The issue is I am not able to use python libraries like paramiko and psycopg2 even after adding their .whl file to S3 and then linking it to glue job using --additional-python-modules flag, I'm getting no module found error.

So I thought other workaround for this is to open the private subnet for pypi.org that way no developer in my team will need to create .whl or zip file to use external python libraries, but the question is whether every library is downloaded from pypi.org or not?

Other details my glue job uses connection which includes private subnet. And if don't add this connection I don't get module not found error but I am unable to connect to my RDB instance.

I can't use NAT gateway as our security team won't allow that.

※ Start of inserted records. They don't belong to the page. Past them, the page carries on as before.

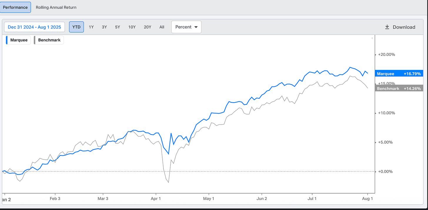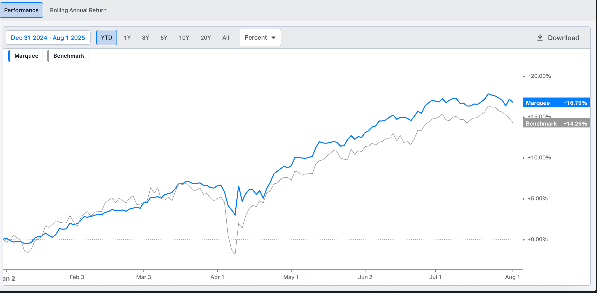 Due to the ongoing drawdown in the equity markets, we are now up 16.79% YTD, less than 64 bps off the highs, which we reached last week.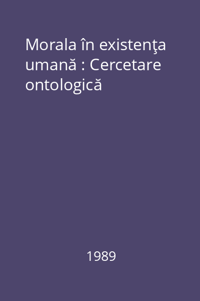 | Titlu | Morala în existenţa umană : Cercetare ontologică |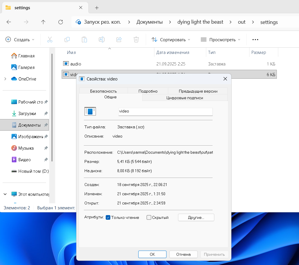 сохраняем файл, заходим в свойство video и ставим только чтение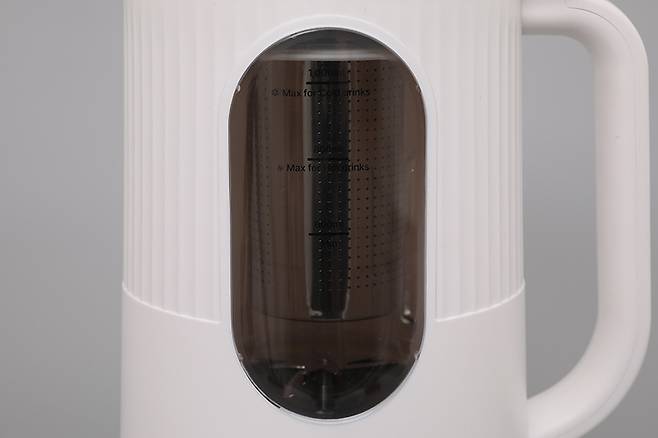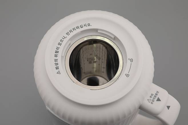본체에 있는 투명창에는 내부 용기의 눈금자가 표시되어 있으며, 찬 음료와 따뜻한 음료의 상한선도 표시되어 있다.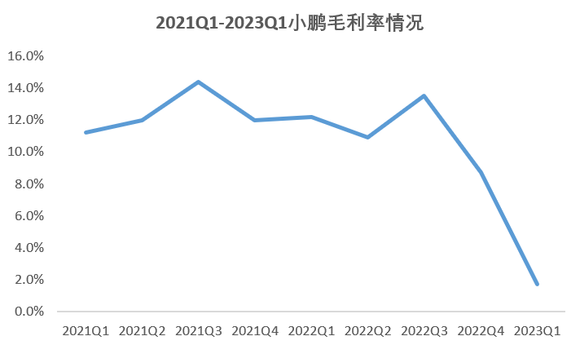 除了销量下滑之外,小鹏还面临着另一重挑战:毛利率在不断下降。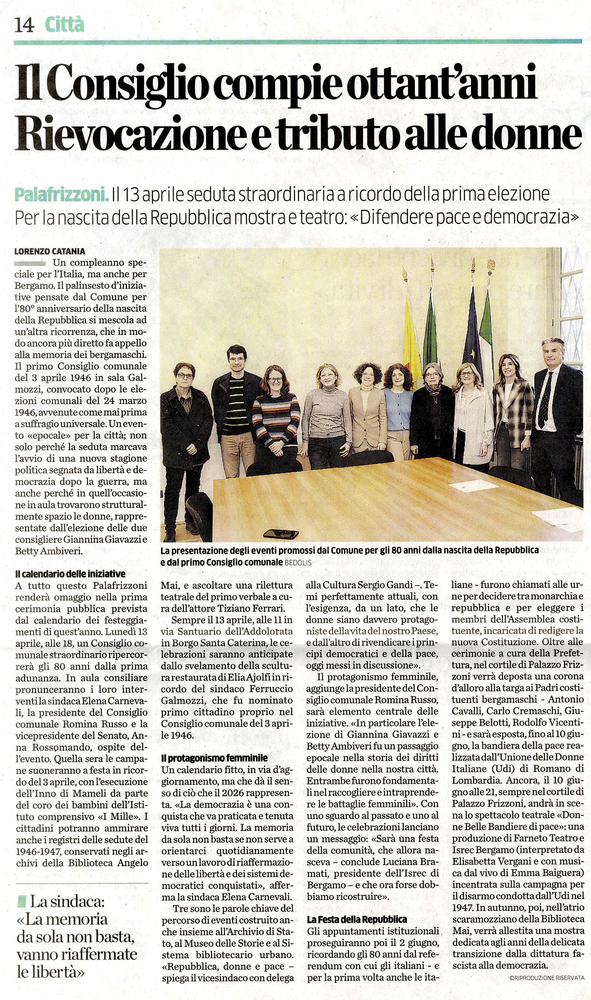 Il Consiglio compie ottant'anni. Rievocazione e tributo alle donne (di Lorenzo Catania, L'Eco di Bergamo, 3 aprile)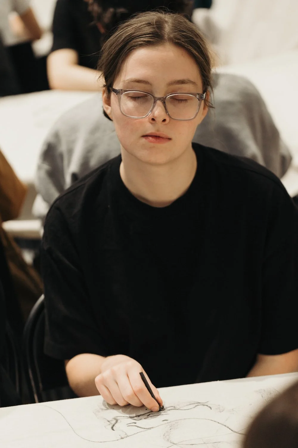 My focus was on capturing these small moments: the dust on fingertips, the shifting patterns of light on the paper, and the quiet concentration in the room. Each image tells the story of hands in motion, ideas taking shape, and the beauty of marks that were never meant to stay.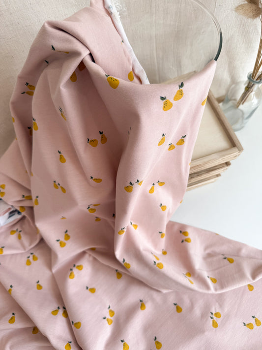 Organic Printed Cotton Jersey Fabric - Blush Pears - 50cm Remnant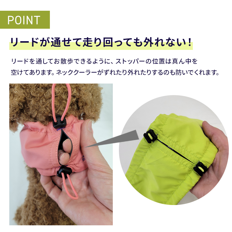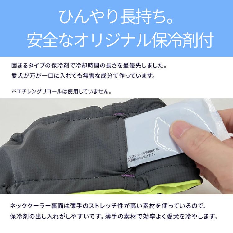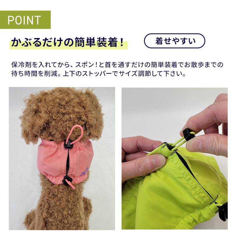 保冷剤を入れてから、スポン!と首を通すだけの簡単装着でお散歩までの待ち時間を削減。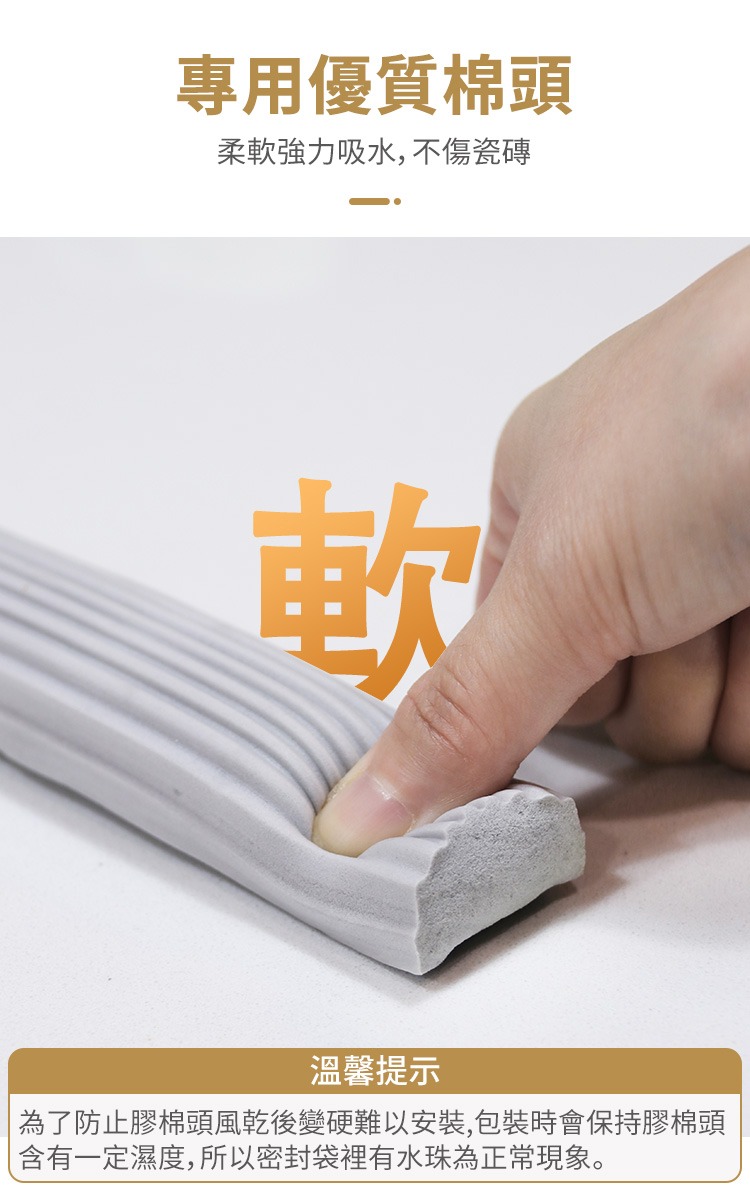 - 選用優質棉頭柔軟強力吸水,不傷瓷磚或桌面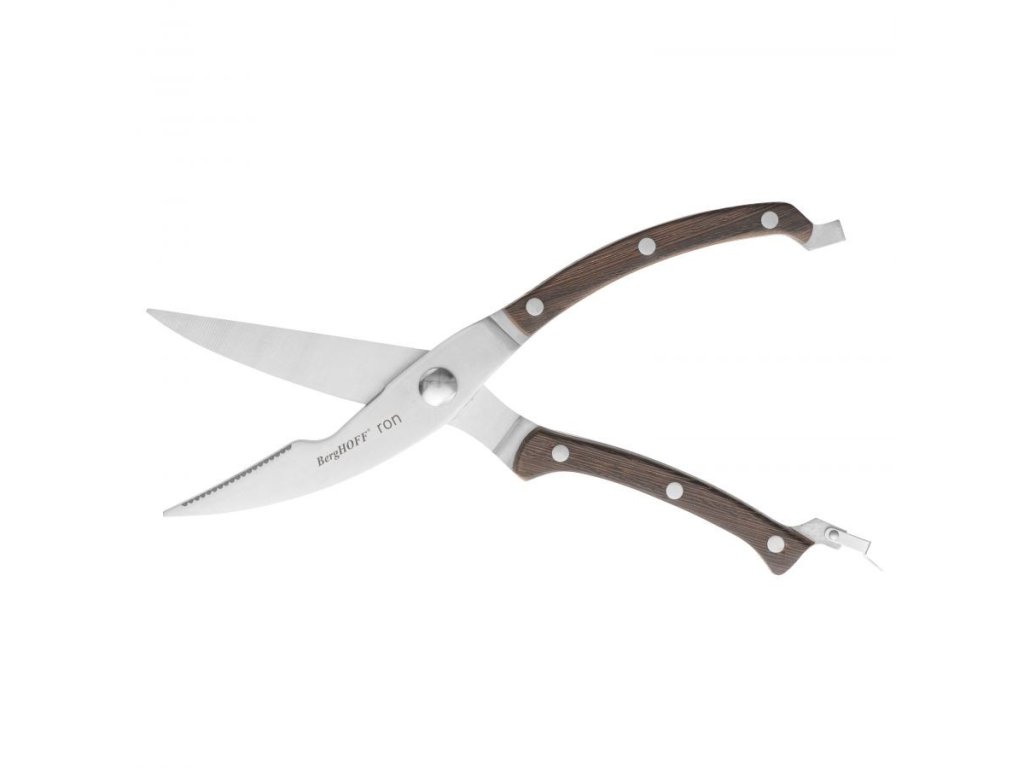 Robustné nožnice na hydinu s ostrou čepeľou. Vysoko kvalitná nerezová oceľ typu X20Cr13. Ostrie čepele brúsené laserom pre maximálnu ostrosť, nie je nutné často brúsiť. Drevená rukoväť s krásnou štruktúrou dodáva nožom a nožniciam z kolekcie RON luxusný vzhľad. Precízne spracovanie vhodné pre profesionálnych kuchárov i nadšencov v kuchyni. Pre vysoko kvalitné nože aj nožnice, obzvlášť s drevenou rukoväťou, je vždy odporúčané šetrné ručné umývanie, ktoré navyše dlhodobo zachová kvalitu ostria. Dĺžka: 25 cm a šírka: 5 cm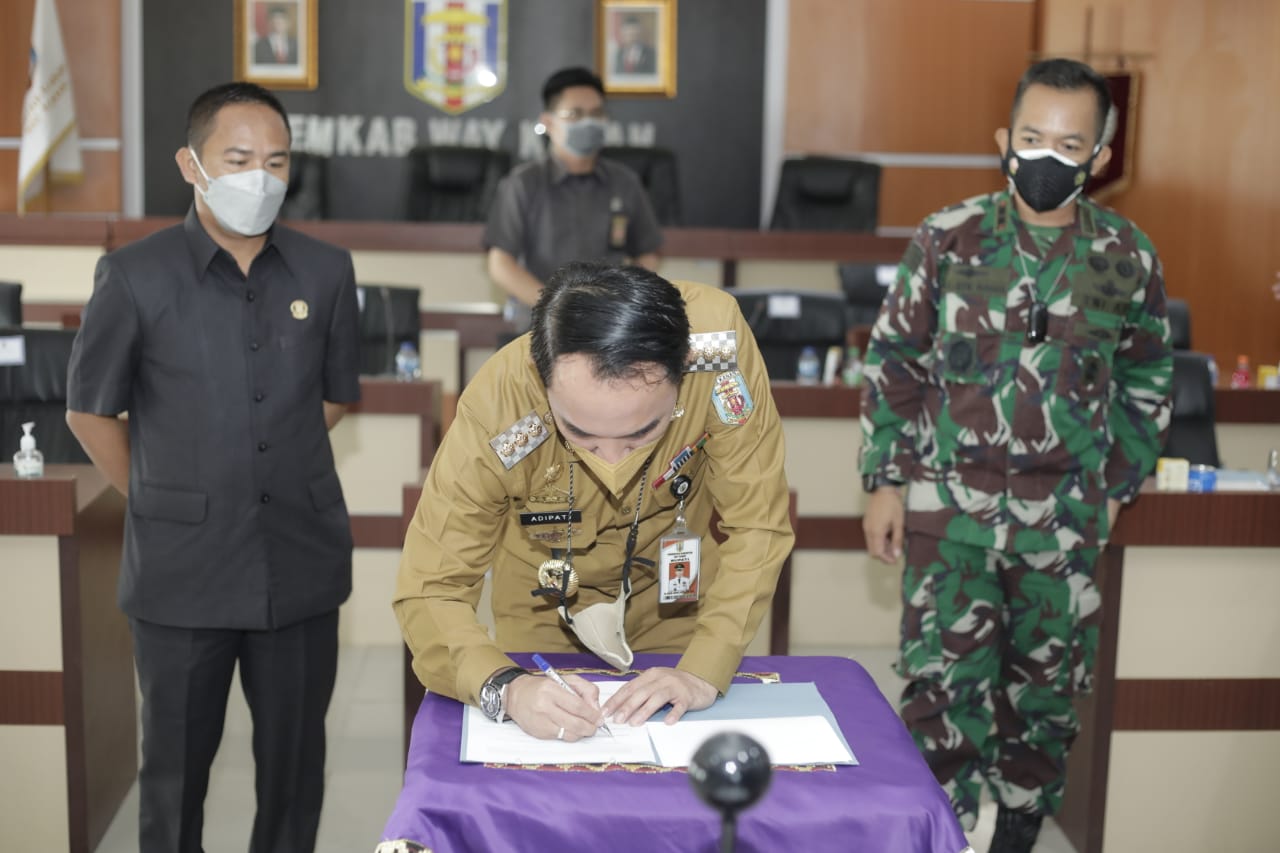 Bupati Raden Adipati Surya menghadiri Rapat Evaluasi Hasil Monitoring dan Evaluasi PPKM Mikro dan Penandatangan Kesepakatan Bersama untuk Penegakan Protokol Kesehatan (Prokes) di Kabupaten Way Kanan.
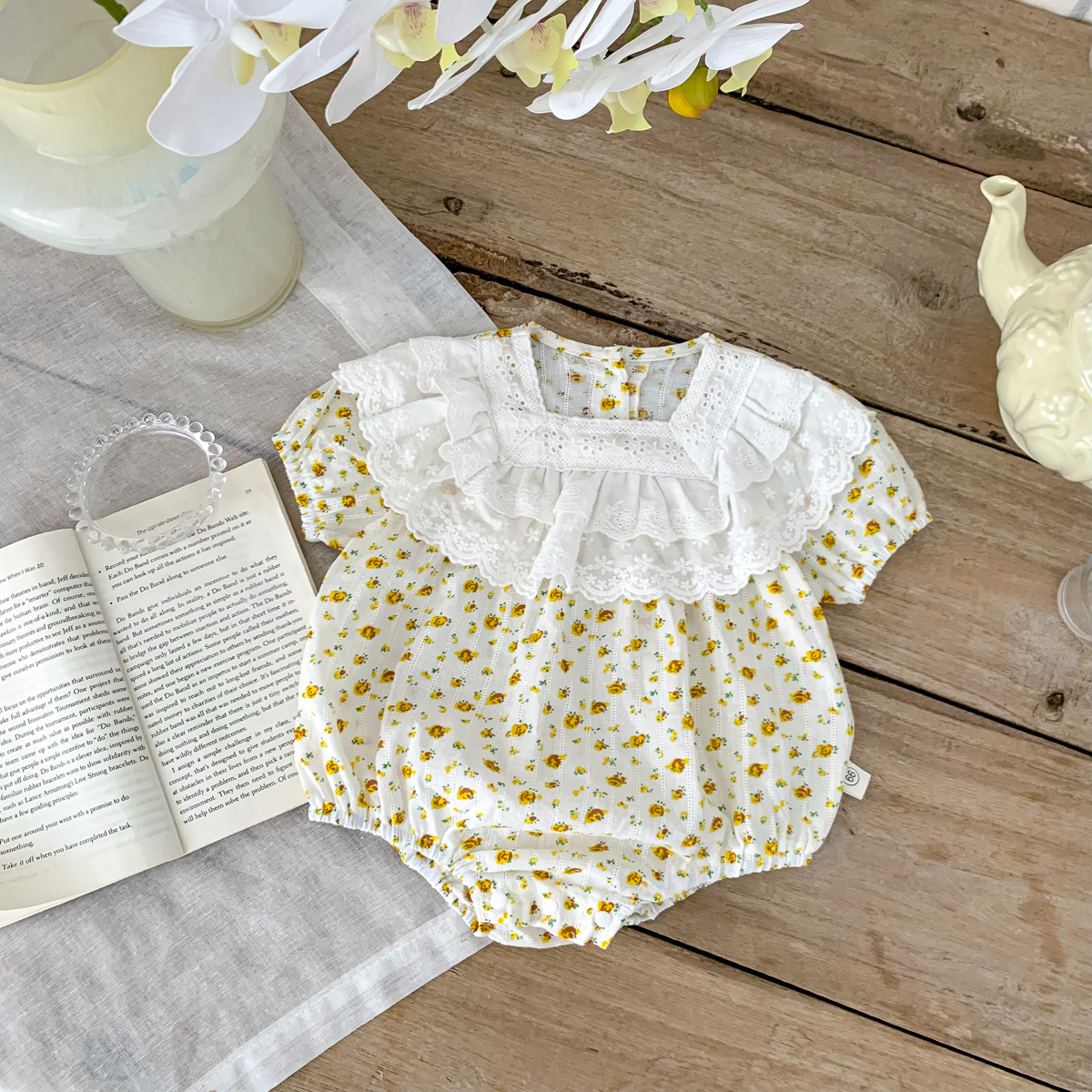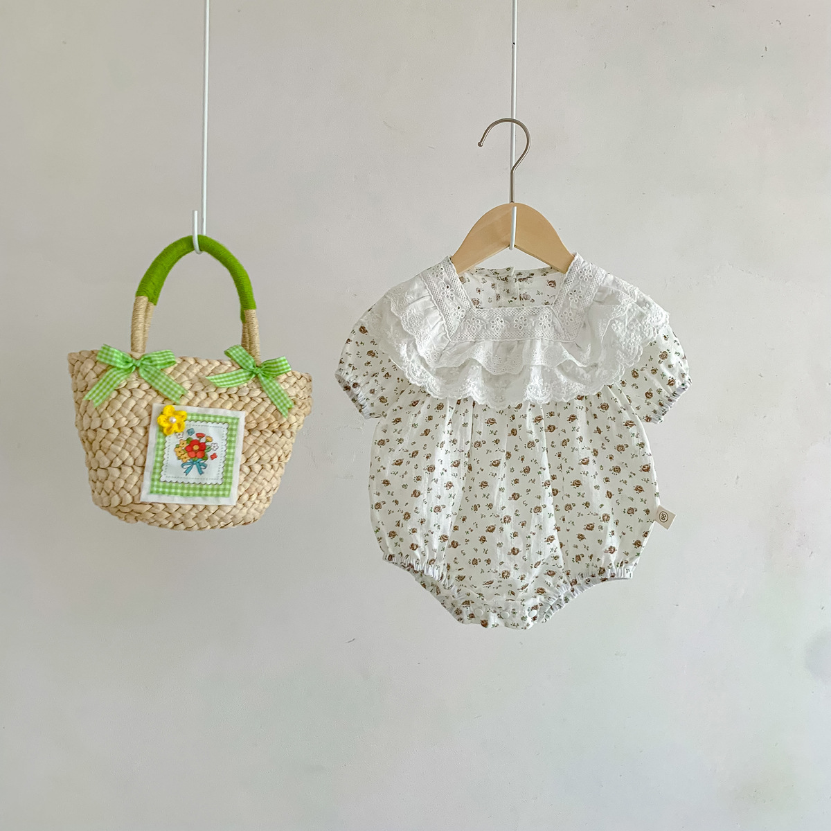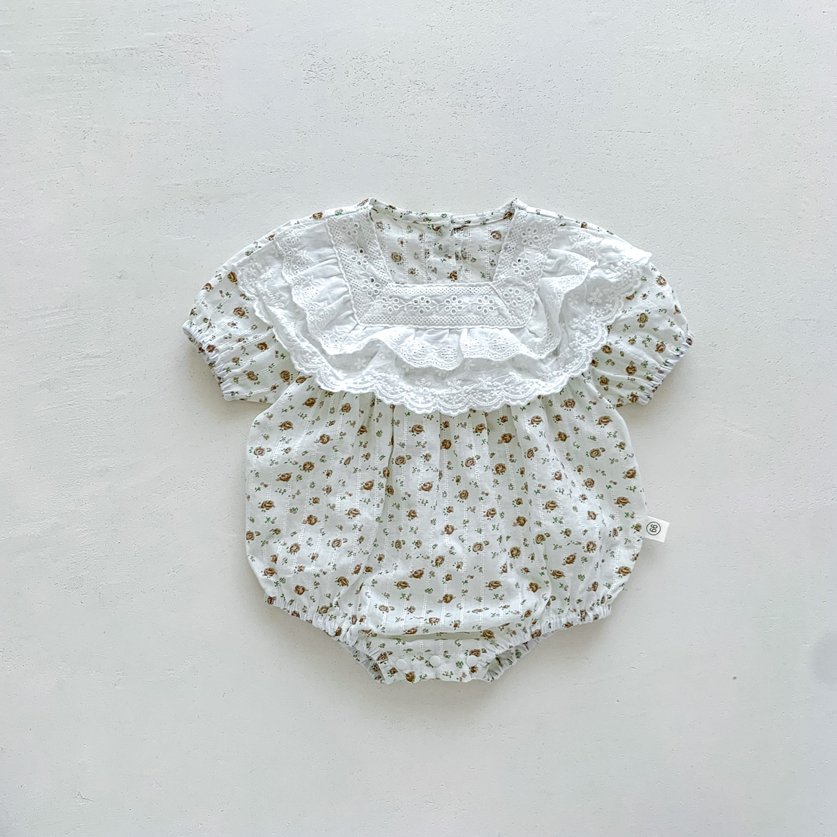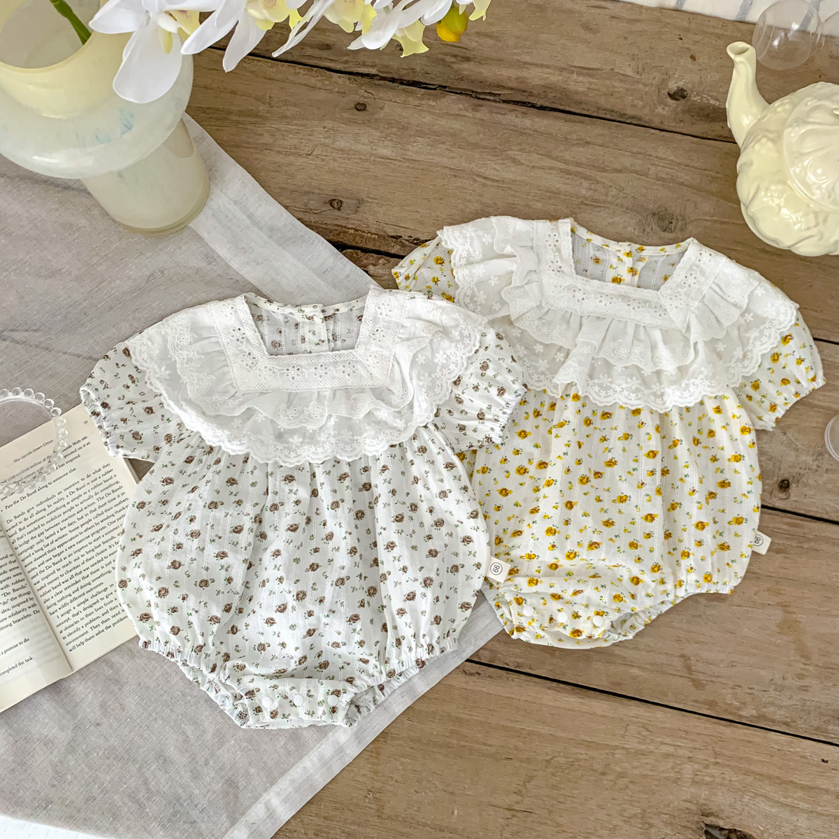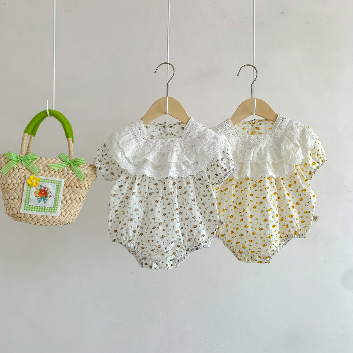 아기의 점프 슈트 여름 얇은 여성용 버블 반팔 랩 업 뚱뚱한 옷 신생아 아기 레이스 백일 공주 원피스스토어 가기

Anyway to use this libraries in the glue code?

Nikhil Padole
  • 97
  • 1
  • 13
  • 1
    no, you can install a package using `pip` from other sources too, PyPi is just used the most: https://packaging.python.org/en/latest/tutorials/installing-packages/#use-pip-for-installing – Matiiss Dec 30 '21 at 13:59
  • Is there any other solution then? – Nikhil Padole Dec 30 '21 at 14:00
  • other solution as opposed to what? why can't you use `pip` for other sources? (how? you will need to read the link I gave tho as I likely won't be able to help on this topic more than I have already) – Matiiss Dec 30 '21 at 14:02
  • The solution I was thinking about was to whitelist pypi.org in glue connection's subnet, as I thought all the libraries are downloaded from pypi.org – Nikhil Padole Dec 30 '21 at 14:04
  • 1
    read about [installing from other indexes](https://packaging.python.org/en/latest/tutorials/installing-packages/#installing-from-other-indexes) and [from VCS](https://packaging.python.org/en/latest/tutorials/installing-packages/#installing-from-vcs) maybe that helps – Matiiss Dec 30 '21 at 14:06
  • try to add psycopg2-binary==2.8.6 to the configuration additional-python-modules in the AWS Glue. Then import psycopg2 in your code. you dont have upload any whl files. Not sure about paramiko. – Yuva Dec 31 '21 at 09:07
  • @Yuva This won't work as the subnet used by my glue job is private and doesn't allow traffic internet which will be required in order to download that psycopg2 library. – Nikhil Padole Jan 01 '22 at 11:20
  • 1
    Ok we had another approach that worked as well. Do a pip install psycopg2 to a specific folder in a LINUX based EC2 or any other machine. zip the folder where the library is installed, and upload to AWS Glue as a zip file alongwith your script. This works as well. – Yuva Jan 01 '22 at 14:59
  • 1
    You may also refer to this SO link for more info / solutions: https://stackoverflow.com/questions/36103034/importerror-no-module-named-psycopg2-psycopg/58305654#58305654 – Yuva Jan 01 '22 at 15:11

0 Answers0